SELECT a.ID InvoiceID,
a.Total TotalInvoice,
b.TotalPayment
FROM Invoice a
INNER JOIN
(
SELECT InvoiceID, SUM(Amount) TotalPayment
FROM Payment
GROUP BY InvoiceID
HAVING SUM(Method = 'CREDIT') > 0
) b ON a.ID = b.InvoiceID AND
a.Total < b.TotalPayment
SQLFiddle Demo
Another method:
SELECT
i.`id`,
i.`total` AS `total_invoiced`,
SUM(p.`amount`) AS `total_payments`,
SUM(IF(p.`method`='credit', 1, 0)) AS `count_credit`
FROM `invoices` i
LEFT JOIN `payments` p ON (p.`invoice_id`=i.`id`)
WHERE 1=1
GROUP BY i.`id`
HAVING (`total_payments` > i.`total`) AND (`count_credit` > 0)
I changed some table/field names. Sorry for the inconvenience.
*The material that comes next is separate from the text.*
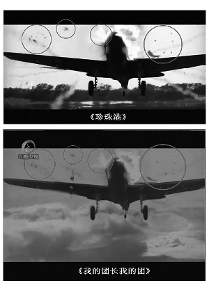 《團長》前兩集中描繪孟煩了、迷龍等川軍團成員乘坐運輸機前往緬甸時,遭遇日軍襲擊而墜機的情節(jié),首日播出之后,便有眼尖的觀眾發(fā)現(xiàn)空中飛行的鏡頭和墜機的鏡頭和《珍珠港》相似。昨日,有觀眾貼出了全部的比較圖,其中十余幀畫面和《珍珠港》如出一轍,甚至連駕駛艙的構(gòu)造和艙內(nèi)細節(jié)都是一模一樣。觀眾紛紛質(zhì)疑《團長》從電影中直接截取了相關(guān)鏡頭。

http://www.sqlfiddle.com/#!2/7402d/1/0
try this one:
select iagg.ID
from (
select i.ID
, sum (p.amount) tl_paid
, min (i.total) tl
from invoice i
join payment p on ( p.invoiceID = i.ID )
group by i.ID
) iagg
where exists (
select 1
from payment p2
where p2.invoiceId = iagg.ID
and p2.method = 'CREDIT'
)
and iagg.tl_paid > iagg.tl
;
the minimum operator over the total attribute is mandated by the grouping operator, the minimum is actually taken from a set of identical values.